In these days, a significant amount of people will celebrate the birth of Jesus of Nazareth, who was definitely a strongly influential character in the adventure of thought.
This article is in a way a small tribute to a genius who was born on December 25, 1642. This person was one of the founders of mathematical physics. He was a human being of an extraordinary talent who changed the world for good. Nothing would ever be the same after the intellectual earthquake he began: wrong ancient ideas which were profoundly rooted into the mindset of the time were put into question; the basis for a new conception of the world was established. The name of this outstanding spirit could not be other than Sir Isaac Newton.
The highly remarkable achievements and the fascinating anecdotes of Newton’s stay on this planet are so numerous that by no means can I be thorough about them in this short text. We shall just mention that by the age of twenty-three (yes, probably quite close to the average age of the people that might be reading this right now) he had invented -or discovered, for Platonists- a whole new field of mathematics (calculus, i.e. the derivatives and integrals that we all love) and he had developed what was to become the law of universal gravitation, namely a mathematical relation which was called to revolutionise human’s existence. Both of these breakthroughs and uncountable more of inestimable value he carried out on his own.
Although he did arrive to all his results without the help of any of his contemporaries, we must not jump to conclusions. We are all sons and daughters of our time, of our family, of our history and not only; in one word, we are all a product of our personal and unique background. Naturally, Newton was not an exception to this rule and all the components of his life played a role in his unmatchable power to see beyond any fixed limit. From his obsession in the search for the Truth in disciplines so diverse such as mathematics, physics, theology or alchemy; to his hard childhood; to his arrogance; and to his fear of conflict: it all had an effect upon his mental universe. Nonetheless, the principal source from which his insightful observations sprouted was -I believe- his readings, a bridge to communicate with people who existed in different spaces and times. Newton compulsively read and studied every book he had in front of him and he was familiar with the philosophical, scientific and mathematical knowledge of his time and this undoubtedly contributed to his own brilliant ideas.
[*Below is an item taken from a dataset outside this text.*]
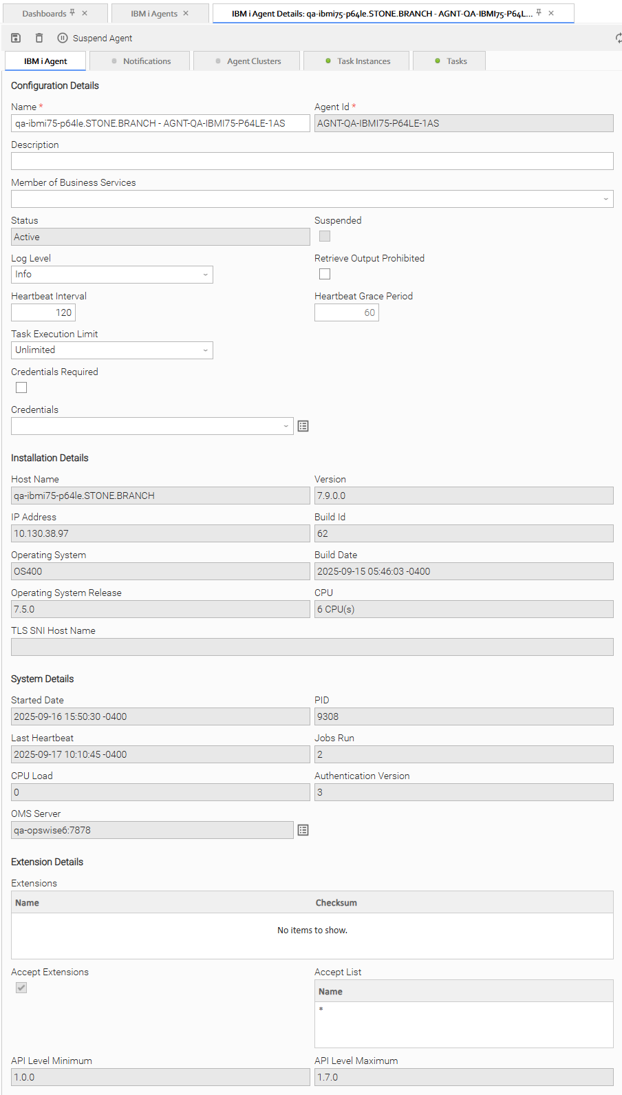 You also can choose to temporarily suspend the agent's ability to run tasks. See the field descriptions, below, for details about all fields in the IBM i Agent Details. |

The ideas that had governed the perception of our planet in the cosmos for many centuries were those of Aristotle. The Aristotelian paradigm corrected stated that the Earth is a sphere and that the other planets and the Moon are spheres. However, it was a geocentric model, which means that it claimed that the Earth is on the centre of the universe, immobile, and the other celestial bodies revolve around it. Furthermore, the universe below the orbit of the Moon and beyond it was considered to be two entirely different worlds: on Earth there were four elements (air, fire, earth and water) which moved in a straight line upwards or downwards according to their nature, whereas in the outer space there was only aether, whose motion was always circular. This conception had been accepted by the Catholic Church and it was the dominant perspective when Newton attended university.
From our modern days it is easy to criticise Aristotle’s ideas, but we would not be fair. Aristotle proved to be an exceptional philosopher and scientist and his model did make sense in his world. He would have probably changed his way of thinking if confronted with good evidence. The essential problem was that his writings (only some part of them, actually) were considered to be an incontrovertible truth and that is indeed what attributes to Newton’s findings an even greater relevance.
Young Isaac, following the path of Galileo Galilei, formulated the basic laws of motion. He accepted the definition of space that Democritus had proposed in Ancient Greece, in opposition to that of Aristotle (which has been recently adopted for the modern “loop quantum gravity” theory). And, within his postulated absolute frame of space and time, he described motion in a way so powerful and useful that his physics would remain intact until Einstein’s theories changed the world again in the beginning of the 20th century. Newton’s mechanical description of the universe (for the development of which he invented calculus) also included a description of gravity and this is the most valuable part of his legacy to us. He put the Earth and the celestial realm at an equal level by realising that that the exact same thing that makes an apple fall towards the centre of our planet makes the Moon orbit (to orbit is to “fail to fall”) the Earth and makes all the planets -among them the Earth- orbit the Sun. He discovered that this mysterious pull, this “gravity”, existed everywhere where there was mass and that this always attractive interaction could be expressed with a very simple and elegant mathematical formula. He unified the Earth and the Heavens and this had radical consequences.
There existed a world before Newton and a world after Newton. The scientific and philosophical implications of his revelations to us cannot be exaggerated: for a long time virtually any person of culture admired and was influenced by the English natural philosopher. Everything changed. With his revolutionary thoughts, Newton managed to lay the foundations of the conceptual world that the following generations would be forced to inhabit.
Sir Isaac Newton was a real philosopher, a real scientist. He questioned old ideas and kept only those which passed through his sieve of truth. He built on the basis of solid principles and conceptual tools that had been passed on from the past, just as much as he created his novel way of perceiving reality. He rendered possible a future that would have been impossible to conceive of and he opened new ways to unravelling the enigmas of the cosmos.